By: Bart Baesens, Seppe vanden Broucke
This QA first appeared in Data Science Briefings, the DataMiningApps newsletter. Also want to submit your question? Just Tweet us @DataMiningApps. Want to remain anonymous? Then send us a direct message and we’ll keep all your details private. Subscribe now for free if you want to be the first to receive our articles and stay up to data on data science news, or follow us @DataMiningApps.

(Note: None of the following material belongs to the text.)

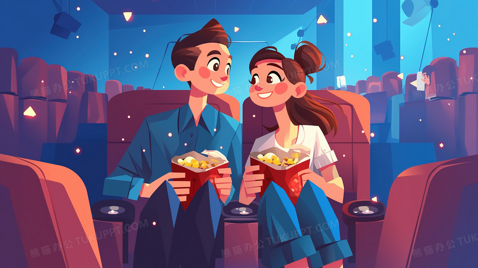 本作品内容为电影院吃爆米花看电影的情侣插画, 格式为 jpg, 大小2 MB, 图片尺寸为2912 x 1632, 源文件无水印, 欢迎使用熊猫办公。 如认为平台内容涉嫌侵权,可通过邮件:tousu@tukuppt.com提出书面通知,我们将及时处理。

You asked: Can you summarize the findings of your updated benchmarking study for credit scoring?
Our answer:
Our study consolidates previous work in PD modeling and provides a holistic picture of the state-of-the-art in predictive modeling for retail scorecard development. From an academic point of view, an important question is whether efforts into the development of novel scoring techniques are worthwhile. Our study provides some support but also raises concerns. We find some advanced methods to perform extremely well on our credit scoring data sets, but never observe the most recent classifiers to excel. Neural networks perform better than extreme learning machines, random forest better than rotation forests, and dynamic selective ensembles worse than almost all other classifiers. This may indicate that progress in the field has stalled, and that the focus of attention should move from PD models to other modeling problems in the credit industry including data quality, scorecard recalibration, variable selection, and LGD/EAD modeling. On the other hand, we do not expect the desire to develop better, more accurate scorecards to end any time soon. Likely, future papers will propose novel classifiers and the “search for the silver bullet will continue. An implication of our study is that such efforts must be accompanied by a rigorous assessment of the proposed method vis-à-vis challenging benchmarks. In particular, we recommend random forests as a benchmark against which to compare new classification algorithms.